Rubirosa was married five times, but he never had any children. His wives were:
- Flor de Oro Trujillo, Rafael Trujillo's eldest daughter, December 2, 1932 – 1937
- Danielle Darrieux, French actress, September 18, 1942 – May 21, 1947
- Doris Duke, American heiress, September 1, 1947 – October 30, 1948; with marital gifts and final settlement he received an alimony ($25,000 per year until remarriage), a fishing fleet off Africa, several sports cars, a converted B-25 bomber (La Ganza), and a 17th-century house in Rue de Bellechasse, Paris.
- Barbara Hutton, American heiress, December 30, 1953 – February 20, 1954; in the settlement he received a coffee plantation in the Dominican Republic, another B-25, polo ponies, jewelry, and a reported $2.5 million.
- Odile Rodin, French actress, October 27, 1956 – July 5, 1965 (his death).

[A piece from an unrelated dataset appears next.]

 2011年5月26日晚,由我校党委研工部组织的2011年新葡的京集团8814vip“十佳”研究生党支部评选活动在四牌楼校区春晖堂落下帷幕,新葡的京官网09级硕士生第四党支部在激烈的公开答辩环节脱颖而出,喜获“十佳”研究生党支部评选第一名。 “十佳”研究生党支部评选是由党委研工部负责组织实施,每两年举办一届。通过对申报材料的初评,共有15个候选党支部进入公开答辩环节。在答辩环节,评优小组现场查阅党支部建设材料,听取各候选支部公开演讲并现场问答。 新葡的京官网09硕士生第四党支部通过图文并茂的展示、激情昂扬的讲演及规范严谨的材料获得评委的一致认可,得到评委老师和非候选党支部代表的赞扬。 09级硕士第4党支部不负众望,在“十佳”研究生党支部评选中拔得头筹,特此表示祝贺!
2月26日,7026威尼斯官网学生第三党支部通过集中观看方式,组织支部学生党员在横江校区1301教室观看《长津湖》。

His playboy lifestyle was matched by stories of his sexual prowess. His reputedly larger than average penis size inspired Parisian waiters at Maxim's to name gigantic pepper mills "Rubirosas". The name stuck and has been in use all over the world.

==Polo and car racing==
After World War II, Rubirosa became engaged in two major passions, polo and car racing, both expensive sports that would be supported in years to come by his wives. He organized and led his own polo team Cibao-La Pampa that was an often successful contender for the Coupe de France. Rubirosa played polo until the end of his life. In the same period, he started to acquire fast cars and form friendships with racing car drivers. He would own a number of Ferraris. His first race at 24 Hours of Le Mans took place in June 1950 with his partner Pierre Leygonie, and his second race, this time with Innocente Baggio, was four years later; in both races his car did not finish. Rubirosa participated in a number of races at Sebring, all but once as a private entry.

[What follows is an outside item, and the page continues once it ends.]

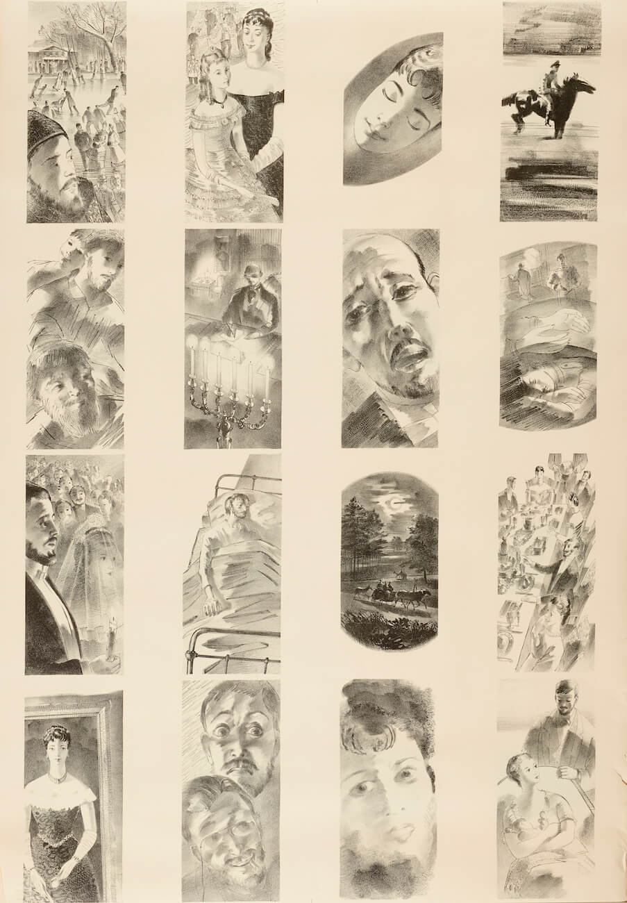 This is a test sheet, without colour, of the proof book illustration for Tolstoy’s Anna Karenina, Cambridge University Press, 1951  – one of Freedman’s most accomplished achievements in the field of book illustration.  Issued as part of the Limited Editions Club in 1951 the publication comprised two volumes bound in cloth decorated with lithographic drawings by Barnett Freedman drawn on and printed from a phenominal 225 stones, printed  at the Curwen Press.

Rubirosa entered one Formula One race, in 1955, the Grand Prix de Bordeaux on April 25. He planned to drive his own Ferrari 500, identical to the one which brought Alberto Ascari the and Drivers' World Championship. However, he fell ill before the race and did not drive.

==Death==
Rubirosa died in the early morning of July 5, 1965, at the age of 56, when he crashed his silver Ferrari 250 GT Cabriolet into a horse chestnut tree in the Bois de Boulogne after an all-night celebration at the Paris nightclub "Jimmy's" in honor of winning the polo Coupe de France. He is buried in Cimetière de Marnes la Coquette, in Paris.